На данный момент я уже несколько недель чувствую себя отвратительно. Взрослую еду я вообще не переношу. Мой рацион состоит из бутербродов, сосисок, макарон и сухариков. В те дни, когда за столом подается рыбный суп или мясо в горшочке, я просто ухожу. Дожидаюсь, пока Иван заснет, и съедаю несколько бутербродов перед телевизором. Смотрю бессмысленные программы на коммерческих каналах и рано ложусь спать. У меня редко бывает хорошее настроение, я все время уставшая, на уборку меня не хватает, а поход в магазин за едой кажется проектом, перед которым я несколько часов должна собираться с силами. Помимо этого, мы ссоримся почти каждый день. Похоже, жить со мной не особенно весело.

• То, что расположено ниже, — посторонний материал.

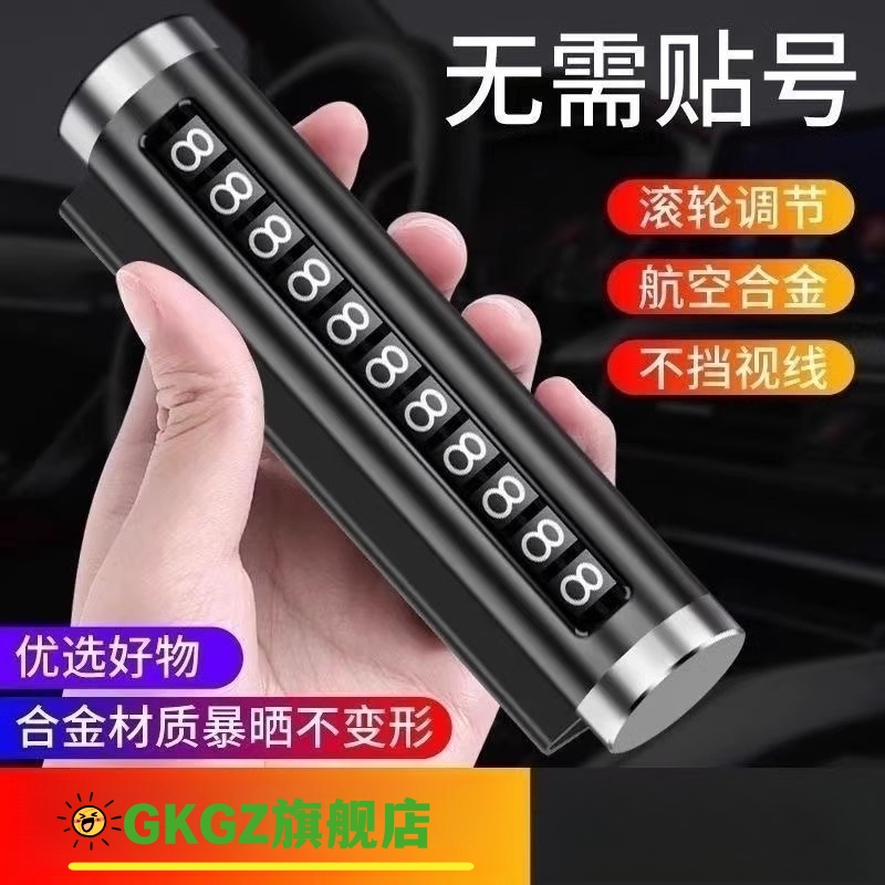 【GKGZ】新款金属滚轮号码牌挪车电话牌车用车载临时停车号码移车牌摆件车上高端创意汽车用品手机支架

Еще одна часть моей жизни, которая хромает, – это отношения с Иваном. Чувство вины не отступает. Стоит мне взглянуть на него, как слезы катятся из глаз. Я не в состоянии играть с ним так, как он привык. Быстрее теряю терпение, когда он капризничает или упрямится. Я сержусь и рычу на него, когда процесс укладывания затягивается, а через секунду после того, как он заснул, мне хочется разбудить его и попросить прощения. Когда он спит, я смотрю на него в темноте и беззвучно шепчу «прости». На следующее утро все начинается сначала.


Я стараюсь думать о том, что в жизни Ивана сейчас происходит нечто потрясающее. У него будет такая большая семья. У него станет больше людей, которых он любит и которые будут любить его. Ему от всего этого будет хорошо. Если бы только я могла принять ситуацию и перестать чувствовать себя в ловушке. Если бы только я могла запрыгнуть в поезд, который уже тронулся, а не стоять упрямо одной ногой на перроне. Если бы только я могла встряхнуться, выйти из того состояния апатии и оцепенения, которое так нежданно накатило на меня. Тогда все будет хорошо. Все зависит от меня, я и буду виновата, если все это не получится.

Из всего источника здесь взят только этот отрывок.